An important study shows that the fermentation activity of intestinal bacteria generates certain fatty acids that block the development of type 1 diabetes.
Type 1 diabetes is an autoimmune disease caused by the specific destruction of pancreatic cells responsible for insulin production. There is a strong genetic predisposition to this immune dysregulation, but more and more observations indicate that other factors associated with lifestyle (diet, excessive hygiene, overuse of antibiotics) could also contribute to the development of this disease. The increase in the incidence of Type 1 diabetes observed in recent decades could therefore be a consequence of certain changes in lifestyle that have occurred during this period, which suggests that it is possible to prevent this disease. by certain lifestyle changes.
Gut imbalance promotes type 1 diabetes
It is now well established that the intestinal microbiota, that is to say the vast bacterial community that lives in the intestine, and more particularly in the colon, plays a leading role in the proper functioning of the immune system.
Studies show that changes in the composition of the microbiota are associated with immune disorders such as inflammatory bowel disease, multiple sclerosis, allergies and asthma, suggesting that this microbiota may also play a role in autoimmunity responsible for type 1 diabetes. This influence seems to be due to the ability of these bacteria to metabolize dietary fiber to generate short-chain fatty acids, such as acetate and butyrate, which are formed in very large quantities in the colon. These fatty acids increase the activity of regulatory T lymphocytes essential for maintaining immune tolerance, stabilize the intestinal barrier to limit the infiltration of bacteria into the blood and also possess anti-inflammatory activity.
This therefore suggests that an increase in the fermentation activity of the microbiota could stabilize immune function and prevent the development of an autoimmune response leading to the destruction of pancreatic cells involved in insulin production.
Fiber and fatty acids protect against type 1 diabetes
This hypothesis is reinforced by the results of a study recently published in the prestigious Nature Immunology. To examine the impact of an increase in short-chain fatty acids on the risk of diabetes, a team of Australian scientists came up with the idea of feeding animal models with sources of starches biochemically modified with acetate. or butyrate. These starches resist digestion by the stomach, but are subsequently fermented in the colon by intestinal bacteria and release large amounts of these fatty acids. It is therefore an interesting model for reproducing the formation of acetate and butyrate that occurs during the fermentation of dietary fibers by the intestinal microbiota.

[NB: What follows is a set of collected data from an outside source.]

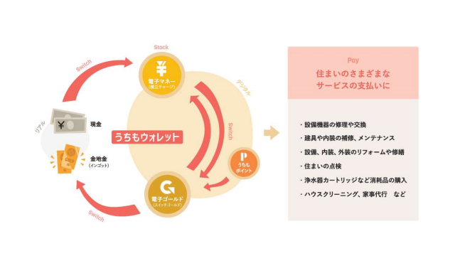 「うちもウォレット」は、住宅オーナーが抱えるメンテナンスの課題を解決する住まい特化型のデジタルウォレットサービス。修理や点検費用といった住まいの維持費を電子マネーで計画的・継続的に積み立てられ、電子マネーのチャージや有料サービスの利用でポイントをもらうことができる。また、積み立てた電子マネーや貯まったポイントは「電子ゴールド」(スイッチゴールド)に交換できるため、長期的な資産形成にも役立てられる。貯まったスイッチゴールドは、金現物に交換できるほか、各種サービスへの支払いにも利用できる。
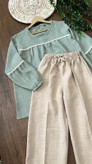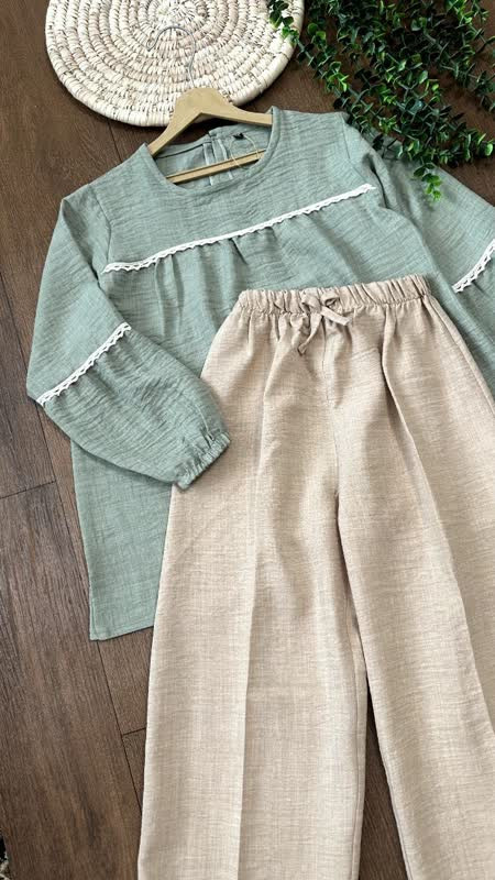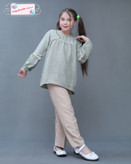 رنگ : تک رنگ شومیز سبز شلوار کرم
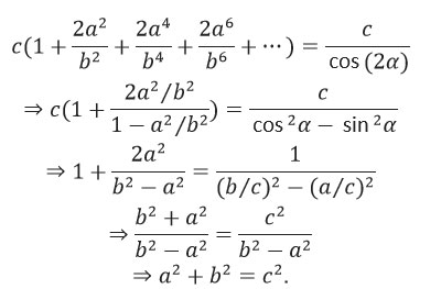 Mặc dù vậy, trong tất cả các lời giải này, không có cách chứng minh nào sử dụng công thức lượng giác. Bởi bản thân Pytago là một định lý cơ bản trong lượng giác, chứng minh nó bằng lượng giác sẽ khiến chúng ta rơi vào một cái bẫy của ngụy biện logic, gọi là tư duy tuần hoàn, khi chúng ta sử dụng chính Định lý Pitago để chứng minh Định lý Pitago.

The researchers first observed that each of these starches (enriched with acetate or butyrate) provided marked protection against the development of type 1 diabetes. On the one hand, the diet enriched with acetate causes a marked decrease in white blood cells (T cells) which possess autoimmune activity, while elevated butyrate production improves the function of regulatory T cells. When these two types of starches are administered simultaneously, these combined actions ensure that the destruction of insulin-producing cells is completely blocked and therefore the development of diabetes is halted.
These observations therefore suggest that the metabolites generated by the fermentation activity of intestinal bacteria, the short-chain fatty acids in particular, exert extremely positive effects on the proper functioning of the immune system. Since dietary fibers are the preferred “food” of these bacteria, a plant-rich diet including fruits, vegetables, legumes and whole grain cereals is the best way to optimize the metabolic function of this microbiota and thus reduce the risk of autoimmune diseases, including type 1 diabetes.
Mariño E et al. Gut microbial metabolites limit the frequency of autoimmune T cells and protect against type 1 diabetes. Nat. Immunol; 18: 552-562.